━━━ Extracted material ━━━

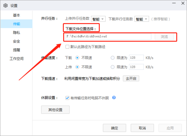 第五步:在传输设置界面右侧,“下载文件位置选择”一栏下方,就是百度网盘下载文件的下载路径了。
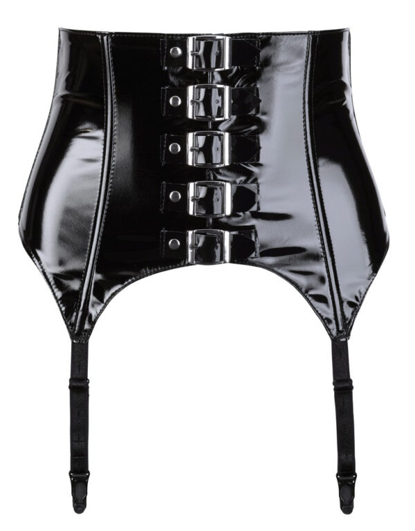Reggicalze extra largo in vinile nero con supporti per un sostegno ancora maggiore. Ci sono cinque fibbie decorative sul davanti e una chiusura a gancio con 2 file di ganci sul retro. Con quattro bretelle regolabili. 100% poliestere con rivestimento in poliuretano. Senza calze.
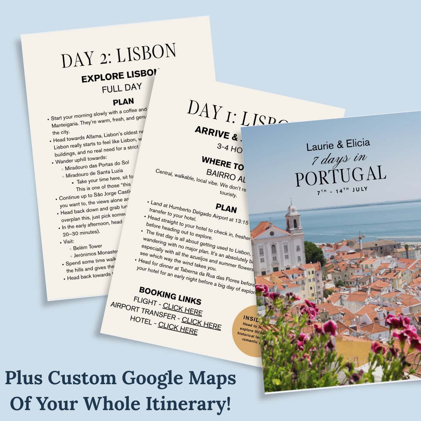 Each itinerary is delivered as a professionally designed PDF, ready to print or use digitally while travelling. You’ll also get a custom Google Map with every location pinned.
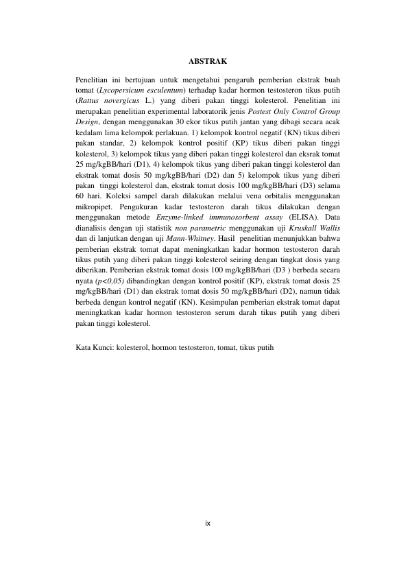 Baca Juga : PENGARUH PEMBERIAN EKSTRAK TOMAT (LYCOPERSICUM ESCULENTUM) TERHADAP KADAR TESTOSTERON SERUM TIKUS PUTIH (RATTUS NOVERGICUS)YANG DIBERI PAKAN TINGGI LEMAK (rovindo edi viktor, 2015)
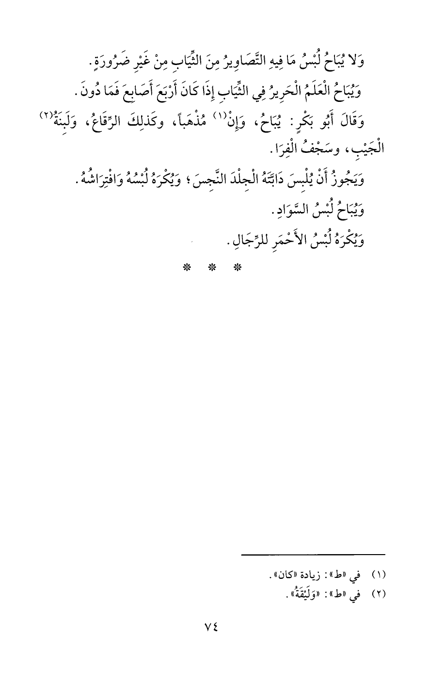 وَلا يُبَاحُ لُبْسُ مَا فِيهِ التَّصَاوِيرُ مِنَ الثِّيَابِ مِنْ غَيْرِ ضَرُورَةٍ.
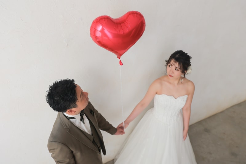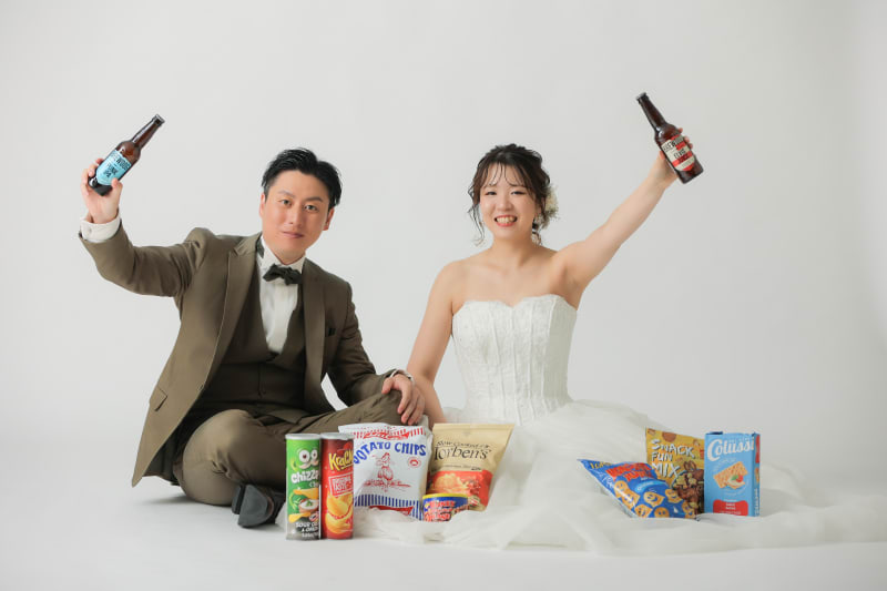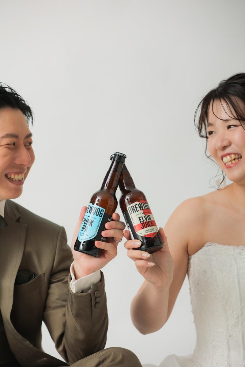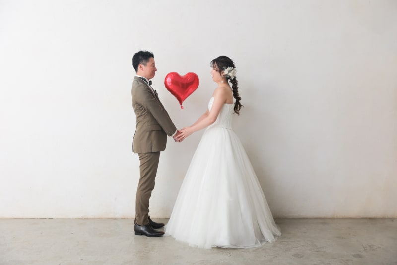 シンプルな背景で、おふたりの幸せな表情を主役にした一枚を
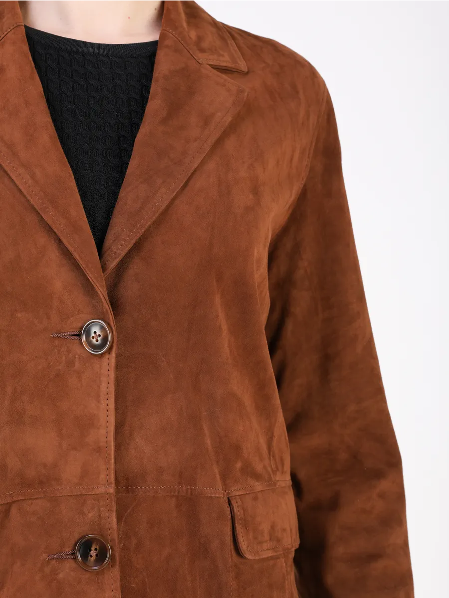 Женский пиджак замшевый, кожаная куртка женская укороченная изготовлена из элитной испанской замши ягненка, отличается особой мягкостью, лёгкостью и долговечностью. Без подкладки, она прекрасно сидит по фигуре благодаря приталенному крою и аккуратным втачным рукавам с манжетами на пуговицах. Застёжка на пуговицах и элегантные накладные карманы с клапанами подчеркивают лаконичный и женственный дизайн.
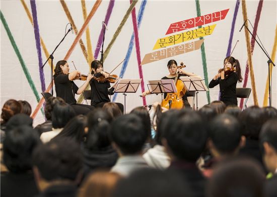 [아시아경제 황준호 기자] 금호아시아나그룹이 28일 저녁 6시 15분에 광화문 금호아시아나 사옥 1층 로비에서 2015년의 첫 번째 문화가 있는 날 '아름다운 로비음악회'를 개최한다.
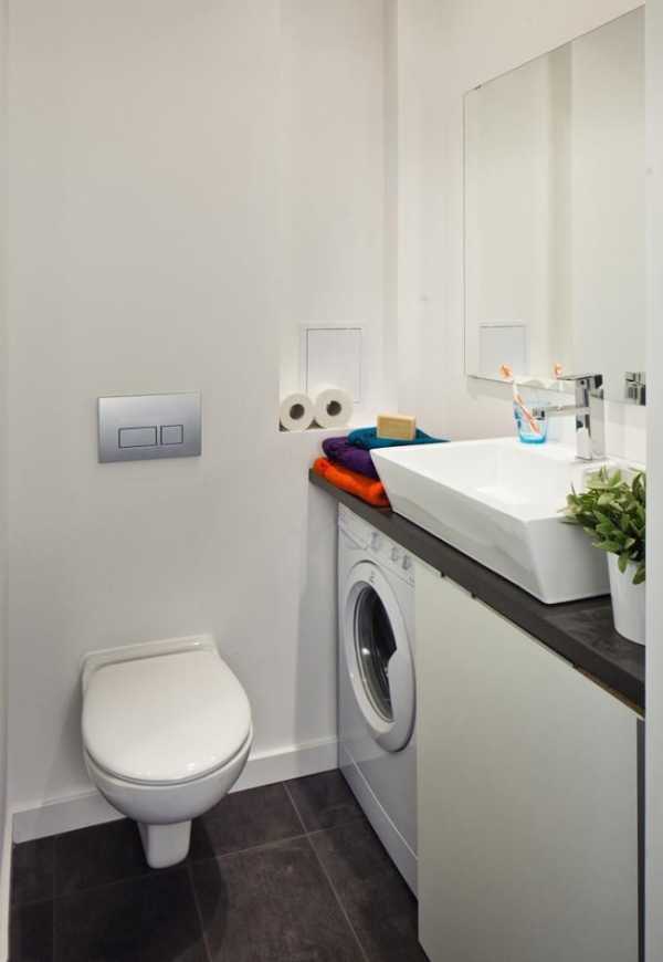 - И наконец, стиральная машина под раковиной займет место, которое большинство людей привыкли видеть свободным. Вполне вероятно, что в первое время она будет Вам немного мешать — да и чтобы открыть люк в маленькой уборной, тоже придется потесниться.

━━━
━━━ Extracted material ━━━

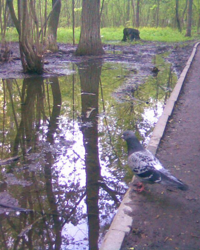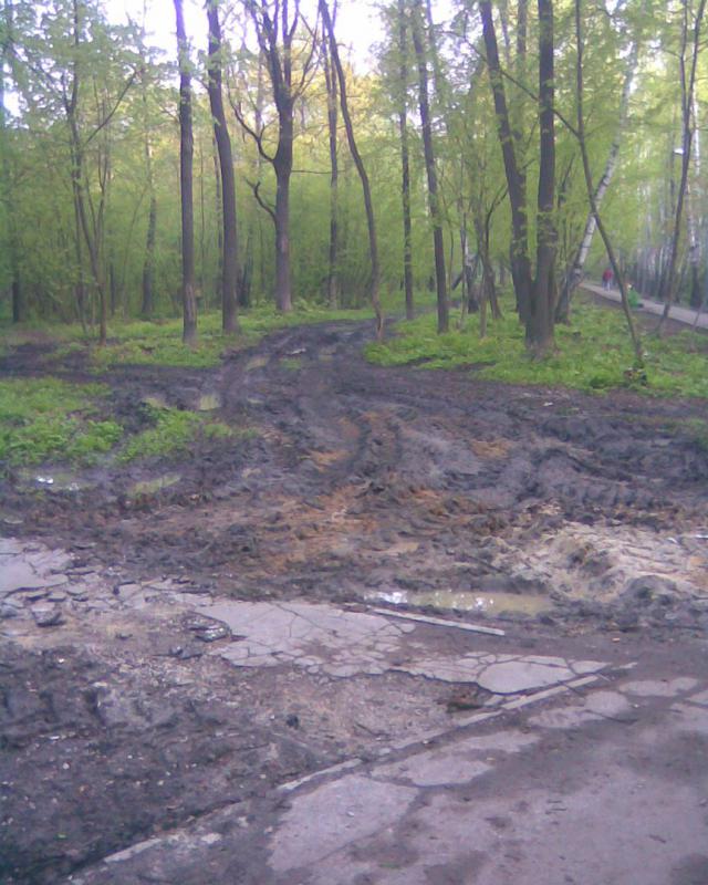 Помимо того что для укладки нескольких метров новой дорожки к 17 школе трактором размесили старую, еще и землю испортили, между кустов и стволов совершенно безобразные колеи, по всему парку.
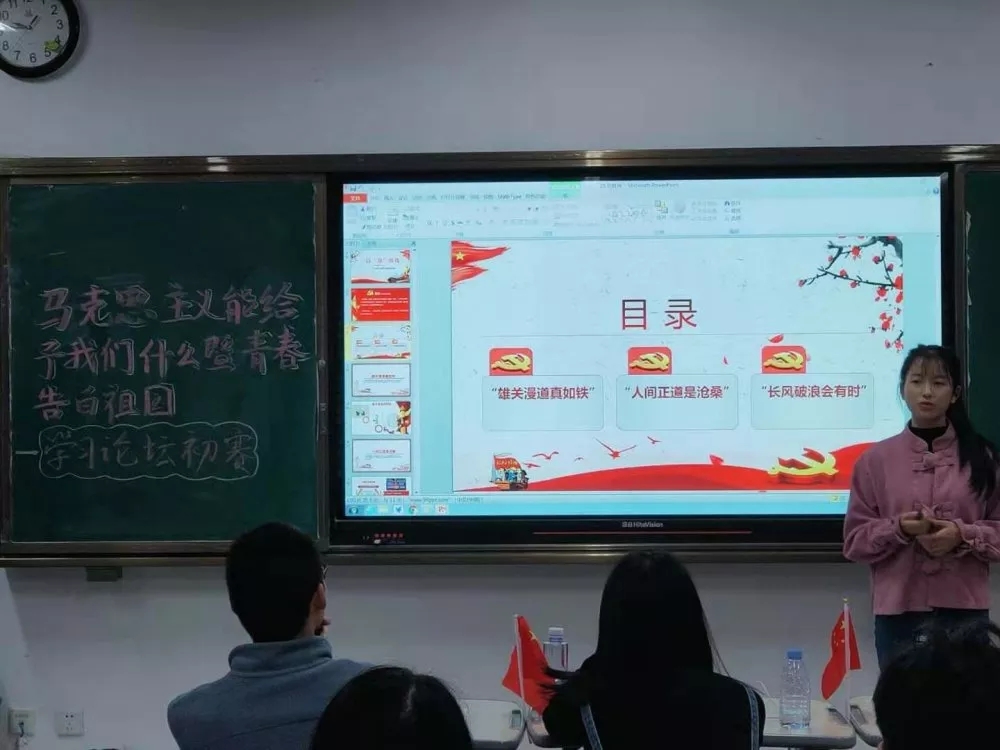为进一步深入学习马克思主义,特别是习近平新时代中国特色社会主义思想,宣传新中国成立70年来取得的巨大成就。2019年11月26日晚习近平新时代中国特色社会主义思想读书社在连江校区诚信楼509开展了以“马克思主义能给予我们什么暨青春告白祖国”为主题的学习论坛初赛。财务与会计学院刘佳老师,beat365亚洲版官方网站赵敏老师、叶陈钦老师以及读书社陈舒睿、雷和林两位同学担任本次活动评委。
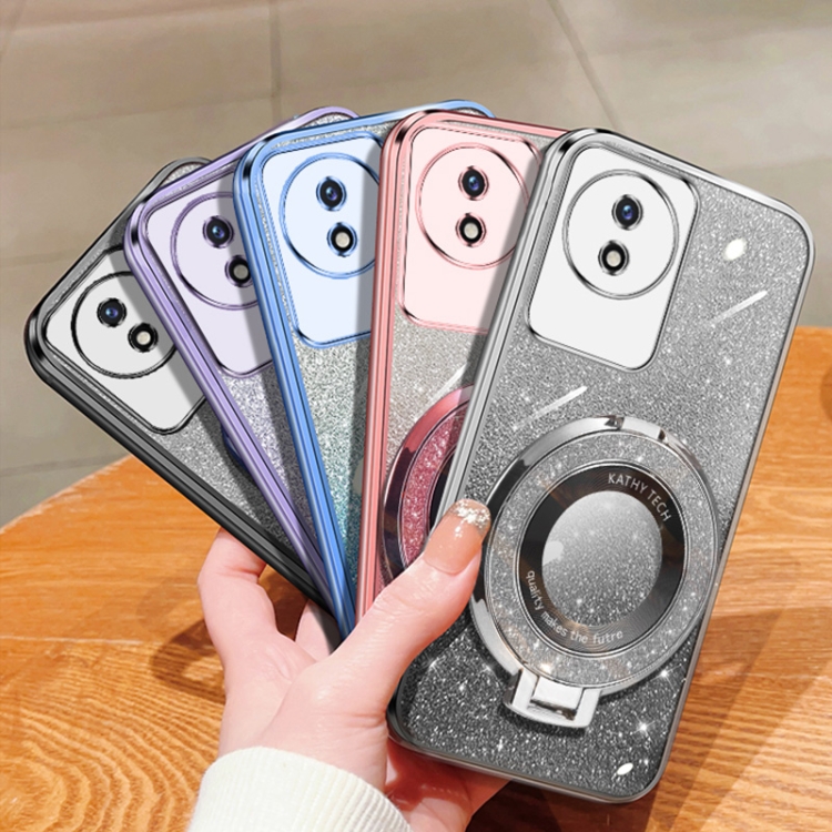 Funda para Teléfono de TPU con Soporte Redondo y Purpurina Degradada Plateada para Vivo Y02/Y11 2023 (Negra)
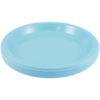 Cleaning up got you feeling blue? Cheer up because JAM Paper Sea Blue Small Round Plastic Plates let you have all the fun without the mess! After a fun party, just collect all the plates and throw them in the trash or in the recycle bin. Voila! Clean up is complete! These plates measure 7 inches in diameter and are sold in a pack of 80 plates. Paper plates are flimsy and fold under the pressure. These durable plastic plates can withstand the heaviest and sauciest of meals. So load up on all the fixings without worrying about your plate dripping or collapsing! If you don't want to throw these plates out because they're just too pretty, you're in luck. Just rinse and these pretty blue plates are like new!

━━━

== Instructions for the task ==
Both the line containing "Помимо того что" and the line containing "Cleaning up got" above belong in the output, as do the lines between them. Print them exactly, without pictures.

== Solution to the problem ==
 Помимо того что для укладки нескольких метров новой дорожки к 17 школе трактором размесили старую, еще и землю испортили, между кустов и стволов совершенно безобразные колеи, по всему парку.
为进一步深入学习马克思主义,特别是习近平新时代中国特色社会主义思想,宣传新中国成立70年来取得的巨大成就。2019年11月26日晚习近平新时代中国特色社会主义思想读书社在连江校区诚信楼509开展了以“马克思主义能给予我们什么暨青春告白祖国”为主题的学习论坛初赛。财务与会计学院刘佳老师,beat365亚洲版官方网站赵敏老师、叶陈钦老师以及读书社陈舒睿、雷和林两位同学担任本次活动评委。
 Funda para Teléfono de TPU con Soporte Redondo y Purpurina Degradada Plateada para Vivo Y02/Y11 2023 (Negra)
 Cleaning up got you feeling blue? Cheer up because JAM Paper Sea Blue Small Round Plastic Plates let you have all the fun without the mess! After a fun party, just collect all the plates and throw them in the trash or in the recycle bin. Voila! Clean up is complete! These plates measure 7 inches in diameter and are sold in a pack of 80 plates. Paper plates are flimsy and fold under the pressure. These durable plastic plates can withstand the heaviest and sauciest of meals. So load up on all the fixings without worrying about your plate dripping or collapsing! If you don't want to throw these plates out because they're just too pretty, you're in luck. Just rinse and these pretty blue plates are like new!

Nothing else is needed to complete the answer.